▶ _Required work_:
Please set down only the lines below starting with the line with "Original prop cyclone" and going on through the line with "Drapeli ve askısız", verbatim and without pictures.

▶ _Records for this task_:

=-=-=-=-=

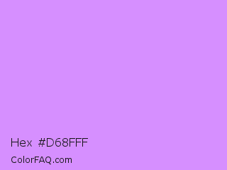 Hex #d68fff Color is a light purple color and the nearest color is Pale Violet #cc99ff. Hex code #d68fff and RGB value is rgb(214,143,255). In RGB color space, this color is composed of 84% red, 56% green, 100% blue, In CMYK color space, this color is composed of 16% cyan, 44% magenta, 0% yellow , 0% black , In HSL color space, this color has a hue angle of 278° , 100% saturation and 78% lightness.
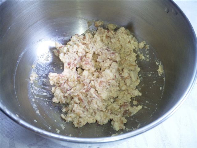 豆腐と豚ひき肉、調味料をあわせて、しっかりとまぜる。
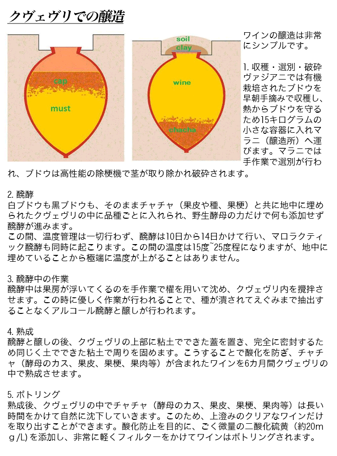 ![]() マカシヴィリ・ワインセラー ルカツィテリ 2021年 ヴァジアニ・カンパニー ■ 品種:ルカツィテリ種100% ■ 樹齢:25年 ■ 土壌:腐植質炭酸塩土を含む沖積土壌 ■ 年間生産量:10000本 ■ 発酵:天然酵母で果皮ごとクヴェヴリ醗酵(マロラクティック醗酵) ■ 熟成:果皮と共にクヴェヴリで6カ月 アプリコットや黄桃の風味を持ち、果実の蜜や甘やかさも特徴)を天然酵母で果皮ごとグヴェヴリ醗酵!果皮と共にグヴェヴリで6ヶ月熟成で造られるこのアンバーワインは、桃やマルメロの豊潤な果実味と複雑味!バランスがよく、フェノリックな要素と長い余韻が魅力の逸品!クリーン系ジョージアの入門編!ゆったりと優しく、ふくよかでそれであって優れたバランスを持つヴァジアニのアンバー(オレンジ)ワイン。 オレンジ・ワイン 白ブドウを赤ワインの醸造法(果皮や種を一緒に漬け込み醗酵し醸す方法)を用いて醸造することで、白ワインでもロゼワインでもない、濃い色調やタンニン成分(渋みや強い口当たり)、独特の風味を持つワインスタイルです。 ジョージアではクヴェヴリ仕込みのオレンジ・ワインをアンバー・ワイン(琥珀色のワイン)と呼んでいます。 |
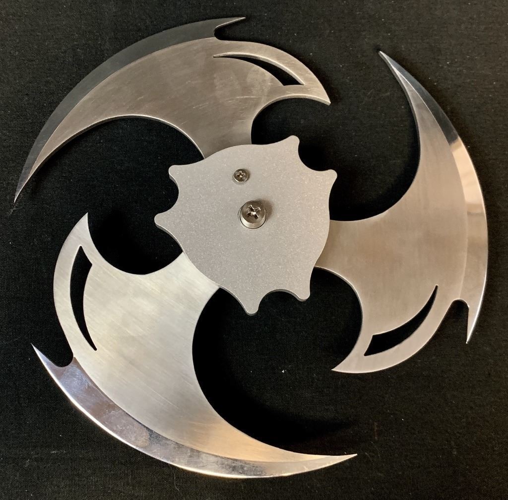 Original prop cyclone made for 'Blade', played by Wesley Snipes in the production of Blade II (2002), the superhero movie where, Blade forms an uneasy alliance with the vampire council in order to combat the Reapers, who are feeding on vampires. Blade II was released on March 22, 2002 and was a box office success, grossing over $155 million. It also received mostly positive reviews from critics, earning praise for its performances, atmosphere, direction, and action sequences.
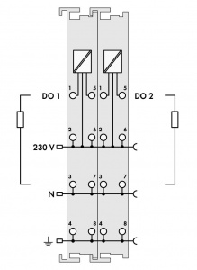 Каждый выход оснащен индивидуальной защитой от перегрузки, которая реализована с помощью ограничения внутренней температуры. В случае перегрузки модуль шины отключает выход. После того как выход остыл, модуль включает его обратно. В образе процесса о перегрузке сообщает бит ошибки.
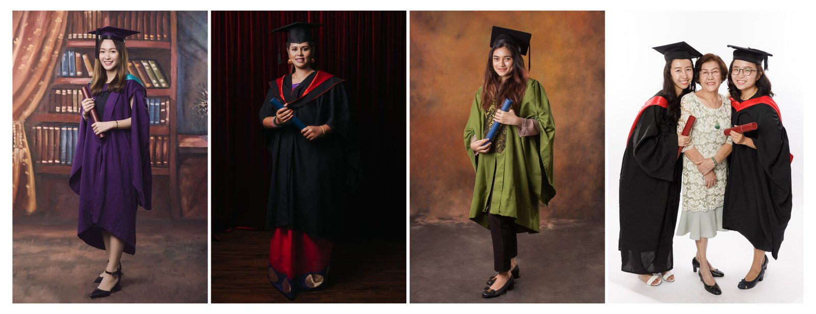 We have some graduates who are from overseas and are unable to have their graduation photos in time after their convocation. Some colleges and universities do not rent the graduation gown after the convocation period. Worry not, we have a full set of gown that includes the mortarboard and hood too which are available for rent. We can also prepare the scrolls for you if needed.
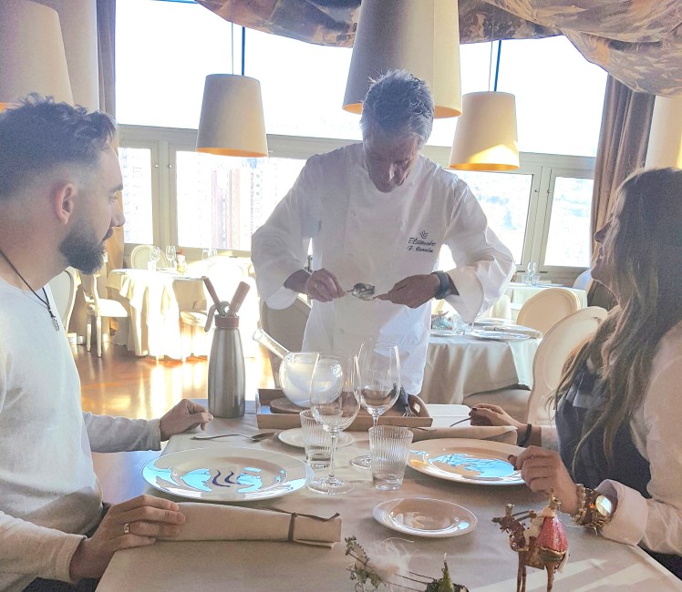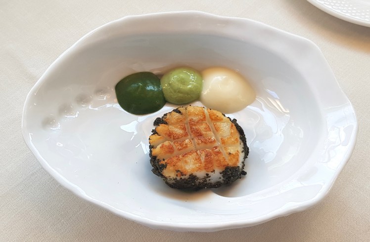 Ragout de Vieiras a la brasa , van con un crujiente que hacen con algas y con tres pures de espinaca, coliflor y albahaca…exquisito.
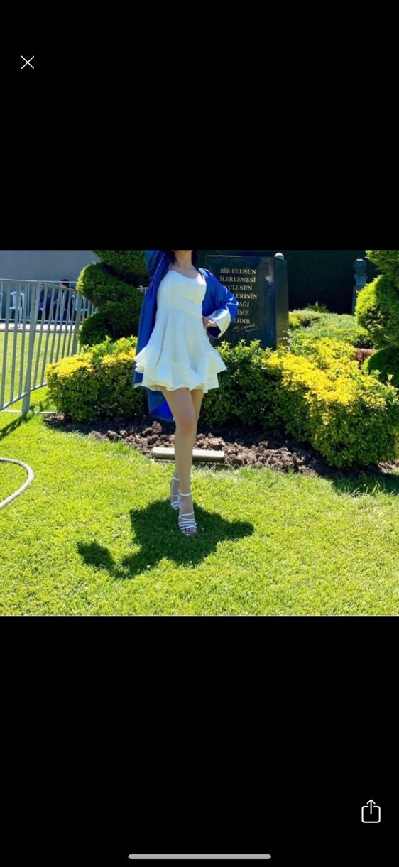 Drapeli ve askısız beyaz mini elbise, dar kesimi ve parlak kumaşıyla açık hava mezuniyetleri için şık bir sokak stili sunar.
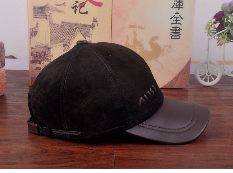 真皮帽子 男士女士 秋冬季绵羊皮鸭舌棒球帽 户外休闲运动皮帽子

=-=-=-=-=

▶ _Your response_:
 Original prop cyclone made for 'Blade', played by Wesley Snipes in the production of Blade II (2002), the superhero movie where, Blade forms an uneasy alliance with the vampire council in order to combat the Reapers, who are feeding on vampires. Blade II was released on March 22, 2002 and was a box office success, grossing over $155 million. It also received mostly positive reviews from critics, earning praise for its performances, atmosphere, direction, and action sequences.
 Каждый выход оснащен индивидуальной защитой от перегрузки, которая реализована с помощью ограничения внутренней температуры. В случае перегрузки модуль шины отключает выход. После того как выход остыл, модуль включает его обратно. В образе процесса о перегрузке сообщает бит ошибки.
 We have some graduates who are from overseas and are unable to have their graduation photos in time after their convocation. Some colleges and universities do not rent the graduation gown after the convocation period. Worry not, we have a full set of gown that includes the mortarboard and hood too which are available for rent. We can also prepare the scrolls for you if needed.
 Ragout de Vieiras a la brasa , van con un crujiente que hacen con algas y con tres pures de espinaca, coliflor y albahaca…exquisito.
 Drapeli ve askısız beyaz mini elbise, dar kesimi ve parlak kumaşıyla açık hava mezuniyetleri için şık bir sokak stili sunar.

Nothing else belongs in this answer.